The quality of the best lean pork, careful manufacture and the climatic conditions of the Barcelona county of La Plana de Vic, which hugely influence its curing, give the Vic salchichón sausage its unmistakable aroma and flavour which have won it the international fame it deserves.
To make it, meat and bacon from top-quality white pigs is used together with white and black pepper and salt, all macerated for at least 48 hours and packed in natural skins. The nearby Montseny mountains, which generate a gentle but continuous breeze and cause a great deal of mist, influence the curing of the pieces for 45 days, during which they acquire the sensory qualities that have made them so highly prized. The mixture is perfectly bound together and is very aromatic and tasty.

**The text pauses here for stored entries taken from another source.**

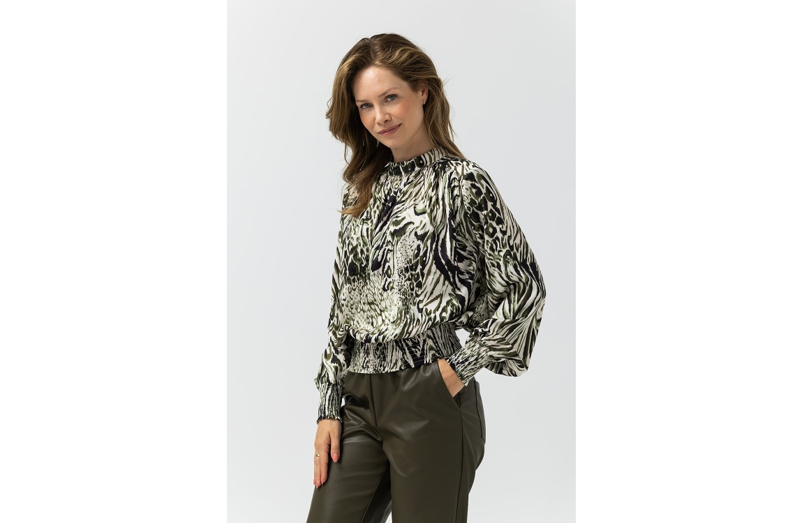 Label Dot blouse Abby 2521004. Dit rechtvallend model is voorzien van een ronde hals en heeft lange mouwen. Deze groen/witte/bruine blouse van Label Dot is bewerkt met een print en is afgewerkt met elastische boorden. Dit model sluit door middel van knoopjes aan de achterzijde.
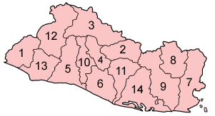 Map of the departments of El Salvador numbered in English alphabetical order.
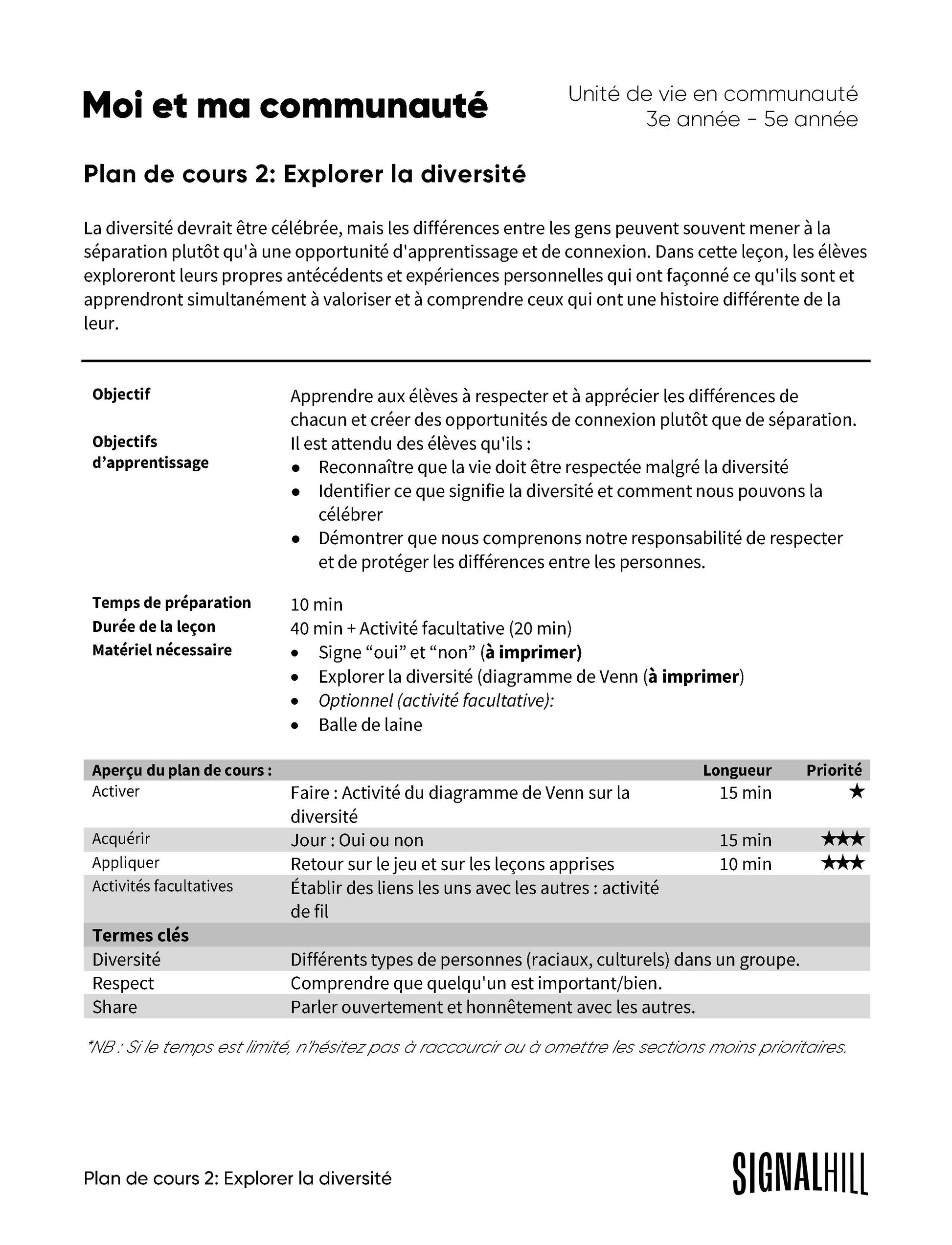Nos communautés ont un impact sur ce que nous devenons. Dans ce module, les élèves apprendront ce que signifie vivre en communauté en apprenant en outre à apprécier les autres, à valoriser la diversité, à résoudre des problèmes et à aimer leur famille.

They are presented in candle shapes, 7-8cm in diameter and between 50 and 60cm long.
From
In the area where this product is made, limited to La Plana de Vic, there are 28 villages which are the only ones which can make this exclusive meat product. The area is a wide thoroughfare between the Pyrenees and the coastal plain, at an altitude ranging between 400 and 600 metres above sea level.
Nutritional information
Energy - Average
Cholesterol - High
Rich in lipids and proteins.
Type of product
Meat
Season
All year round
To drink with it
Young red wines or those aged in wood.
Where to buy
Shops specialising in quality meat products.